▶ [Work order] Directions for the data below: repeat exactly the lines from the one with "Home >  Special Occasion" through the one with "木の温もりが感じられる店内は", both included, and omit all pictures.

▶ [Input data]

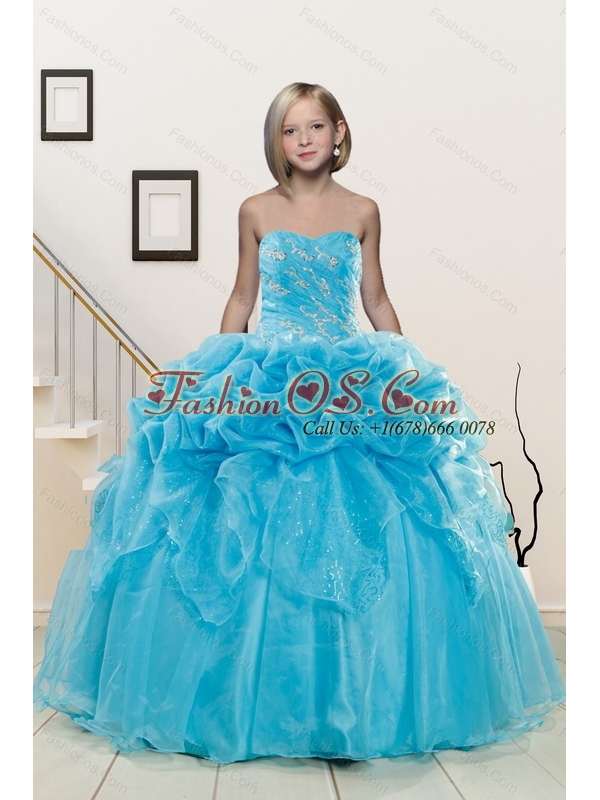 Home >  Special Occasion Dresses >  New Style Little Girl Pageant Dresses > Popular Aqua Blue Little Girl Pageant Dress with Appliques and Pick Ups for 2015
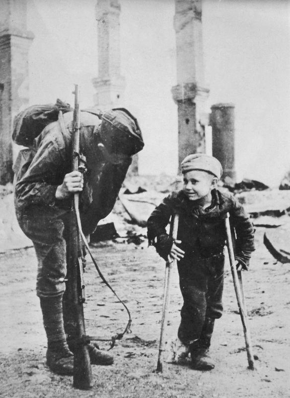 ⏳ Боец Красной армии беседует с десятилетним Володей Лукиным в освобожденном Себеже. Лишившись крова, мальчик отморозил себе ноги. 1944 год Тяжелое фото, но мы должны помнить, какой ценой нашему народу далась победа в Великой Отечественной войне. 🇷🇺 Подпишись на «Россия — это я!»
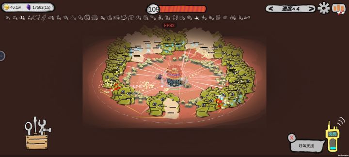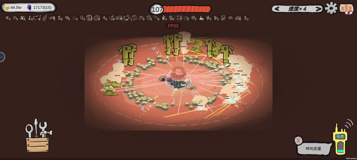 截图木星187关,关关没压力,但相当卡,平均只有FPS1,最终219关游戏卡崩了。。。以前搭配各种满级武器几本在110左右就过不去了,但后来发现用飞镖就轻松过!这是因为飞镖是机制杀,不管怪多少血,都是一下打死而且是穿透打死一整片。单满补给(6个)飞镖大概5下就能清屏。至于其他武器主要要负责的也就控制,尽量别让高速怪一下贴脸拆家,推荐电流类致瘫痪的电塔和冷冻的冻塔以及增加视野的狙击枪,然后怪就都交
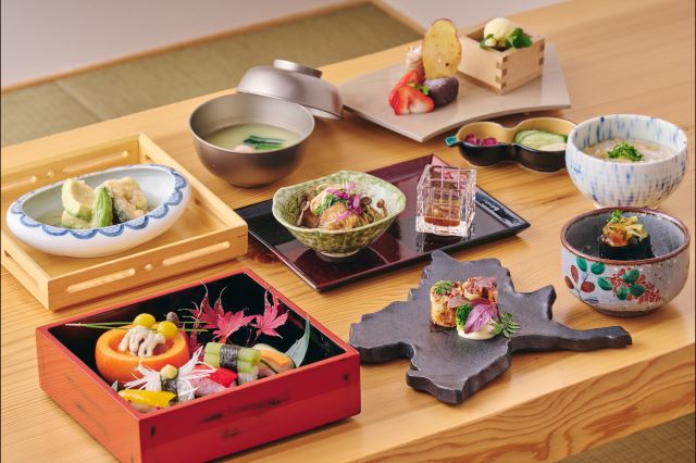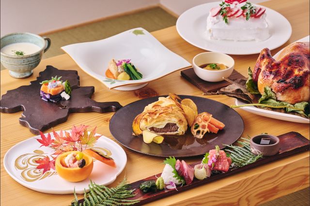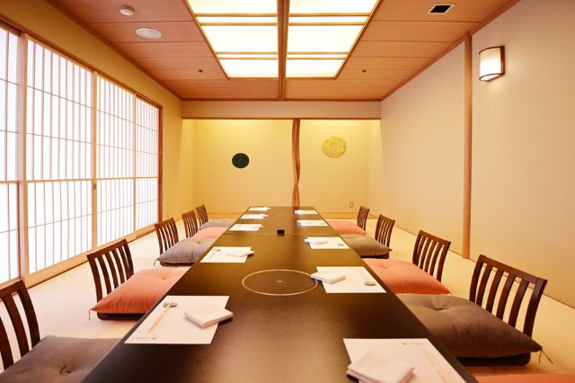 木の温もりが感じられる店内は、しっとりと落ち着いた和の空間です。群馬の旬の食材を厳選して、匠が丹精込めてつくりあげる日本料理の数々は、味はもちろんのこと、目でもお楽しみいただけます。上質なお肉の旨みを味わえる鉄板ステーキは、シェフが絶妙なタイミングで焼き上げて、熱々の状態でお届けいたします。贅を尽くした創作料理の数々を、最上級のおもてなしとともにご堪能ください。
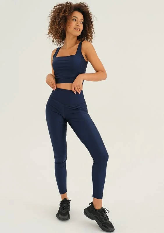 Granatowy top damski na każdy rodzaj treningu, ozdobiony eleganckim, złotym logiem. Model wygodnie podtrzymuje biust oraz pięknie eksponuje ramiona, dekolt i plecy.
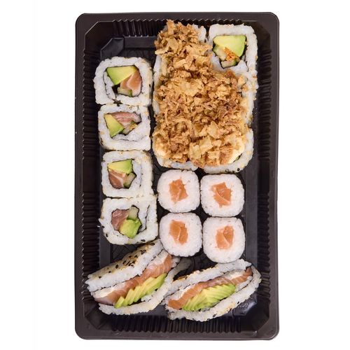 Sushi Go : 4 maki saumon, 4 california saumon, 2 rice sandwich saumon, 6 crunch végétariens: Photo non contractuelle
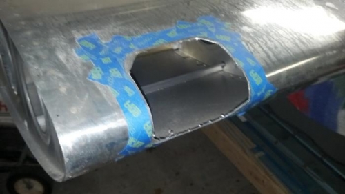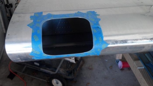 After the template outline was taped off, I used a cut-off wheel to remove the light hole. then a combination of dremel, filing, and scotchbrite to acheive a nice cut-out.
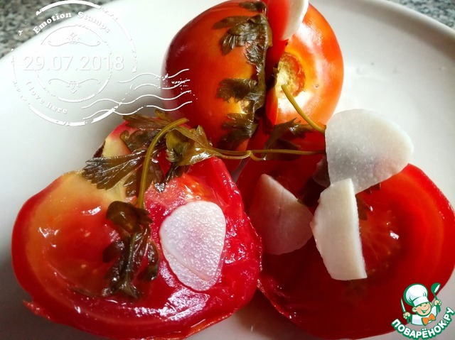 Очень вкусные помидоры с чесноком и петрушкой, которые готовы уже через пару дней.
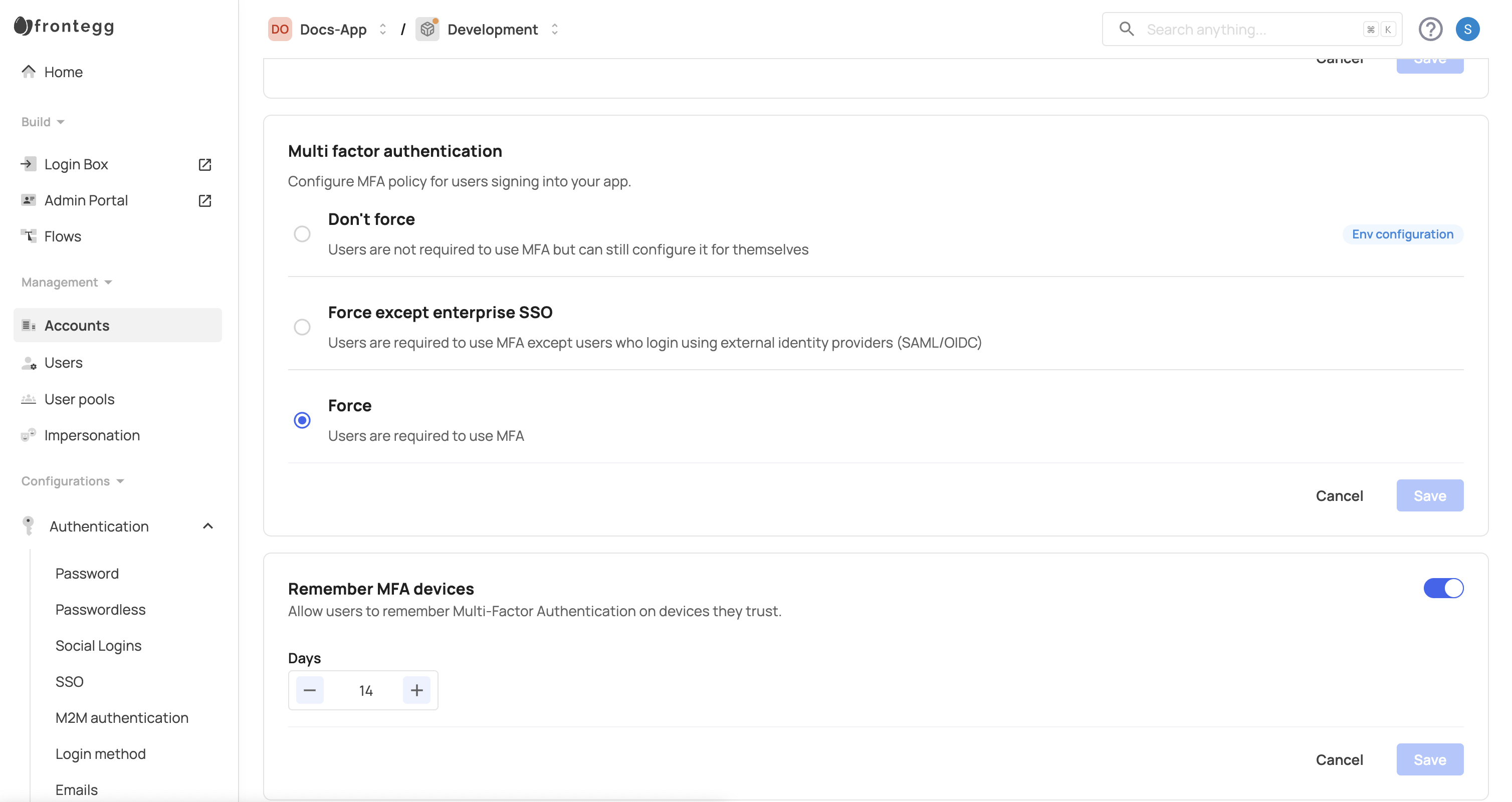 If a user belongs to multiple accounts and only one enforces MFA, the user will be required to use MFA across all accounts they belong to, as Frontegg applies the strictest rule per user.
==
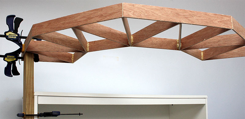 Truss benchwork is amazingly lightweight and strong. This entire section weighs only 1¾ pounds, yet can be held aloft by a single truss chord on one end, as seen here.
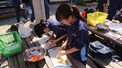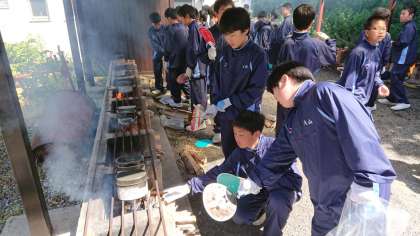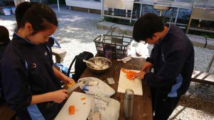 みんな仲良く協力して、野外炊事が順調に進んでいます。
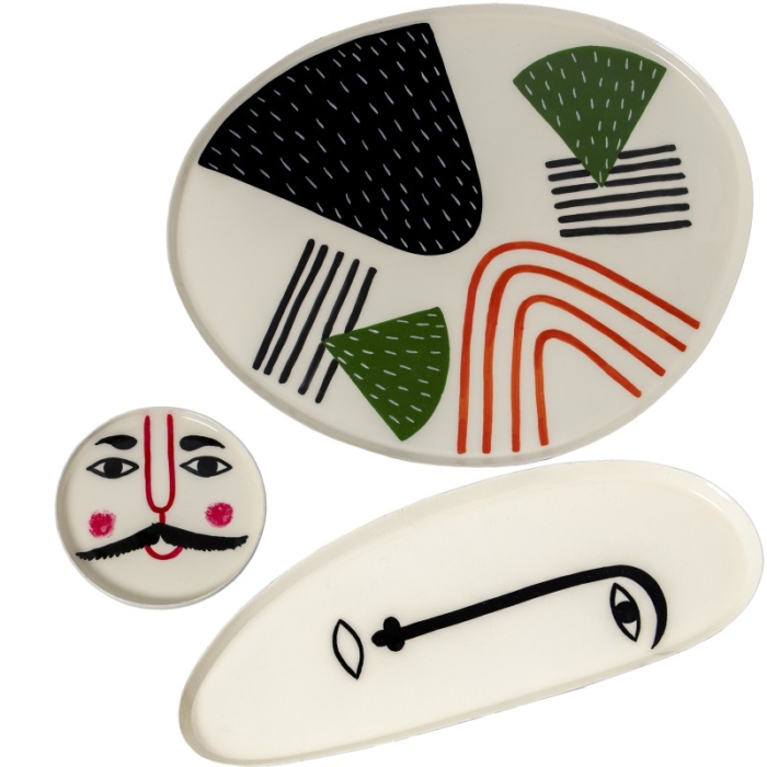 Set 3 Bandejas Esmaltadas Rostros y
...
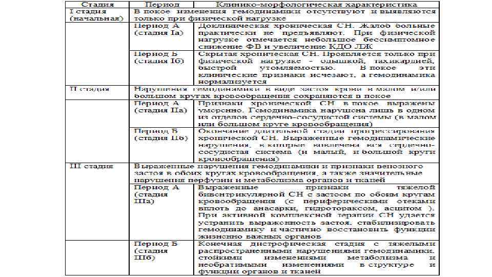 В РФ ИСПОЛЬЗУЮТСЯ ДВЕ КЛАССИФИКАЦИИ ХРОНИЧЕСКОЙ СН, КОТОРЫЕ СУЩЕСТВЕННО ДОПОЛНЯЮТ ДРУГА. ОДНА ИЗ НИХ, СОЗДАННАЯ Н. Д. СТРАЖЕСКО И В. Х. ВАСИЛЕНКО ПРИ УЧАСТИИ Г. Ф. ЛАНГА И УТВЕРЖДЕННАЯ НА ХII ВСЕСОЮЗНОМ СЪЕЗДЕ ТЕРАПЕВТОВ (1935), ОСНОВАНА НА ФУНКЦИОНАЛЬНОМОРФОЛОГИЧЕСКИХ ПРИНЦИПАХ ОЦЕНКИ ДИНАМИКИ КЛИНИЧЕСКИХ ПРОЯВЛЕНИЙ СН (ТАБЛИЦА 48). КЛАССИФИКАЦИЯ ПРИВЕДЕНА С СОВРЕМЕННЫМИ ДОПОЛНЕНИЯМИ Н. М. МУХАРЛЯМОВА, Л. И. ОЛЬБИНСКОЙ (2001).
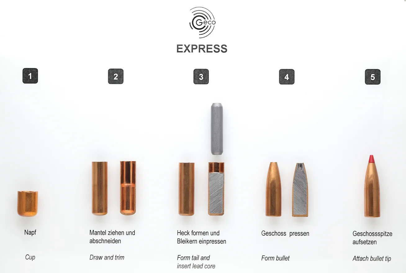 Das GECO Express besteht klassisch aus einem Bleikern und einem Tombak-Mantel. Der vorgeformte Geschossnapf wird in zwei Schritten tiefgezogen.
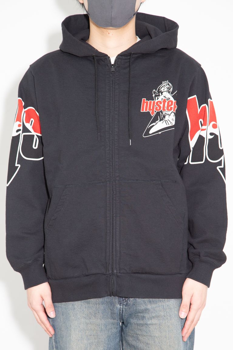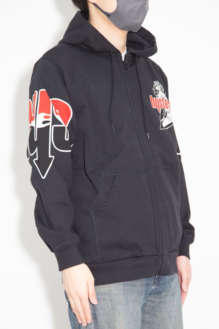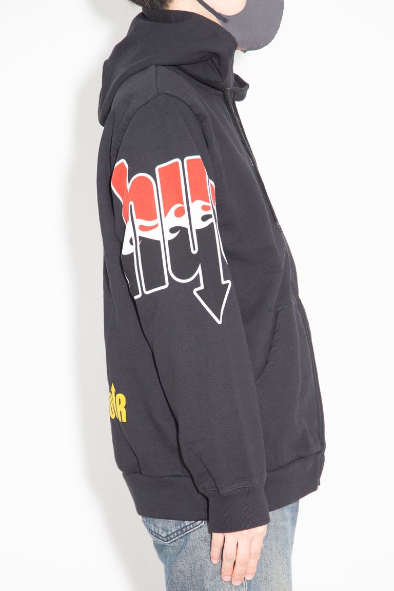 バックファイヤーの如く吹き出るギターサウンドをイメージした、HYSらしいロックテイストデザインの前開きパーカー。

▶ [Exercise output]
 Home >  Special Occasion Dresses >  New Style Little Girl Pageant Dresses > Popular Aqua Blue Little Girl Pageant Dress with Appliques and Pick Ups for 2015
 ⏳ Боец Красной армии беседует с десятилетним Володей Лукиным в освобожденном Себеже. Лишившись крова, мальчик отморозил себе ноги. 1944 год Тяжелое фото, но мы должны помнить, какой ценой нашему народу далась победа в Великой Отечественной войне. 🇷🇺 Подпишись на «Россия — это я!»
 截图木星187关,关关没压力,但相当卡,平均只有FPS1,最终219关游戏卡崩了。。。以前搭配各种满级武器几本在110左右就过不去了,但后来发现用飞镖就轻松过!这是因为飞镖是机制杀,不管怪多少血,都是一下打死而且是穿透打死一整片。单满补给(6个)飞镖大概5下就能清屏。至于其他武器主要要负责的也就控制,尽量别让高速怪一下贴脸拆家,推荐电流类致瘫痪的电塔和冷冻的冻塔以及增加视野的狙击枪,然后怪就都交
 木の温もりが感じられる店内は、しっとりと落ち着いた和の空間です。群馬の旬の食材を厳選して、匠が丹精込めてつくりあげる日本料理の数々は、味はもちろんのこと、目でもお楽しみいただけます。上質なお肉の旨みを味わえる鉄板ステーキは、シェフが絶妙なタイミングで焼き上げて、熱々の状態でお届けいたします。贅を尽くした創作料理の数々を、最上級のおもてなしとともにご堪能ください。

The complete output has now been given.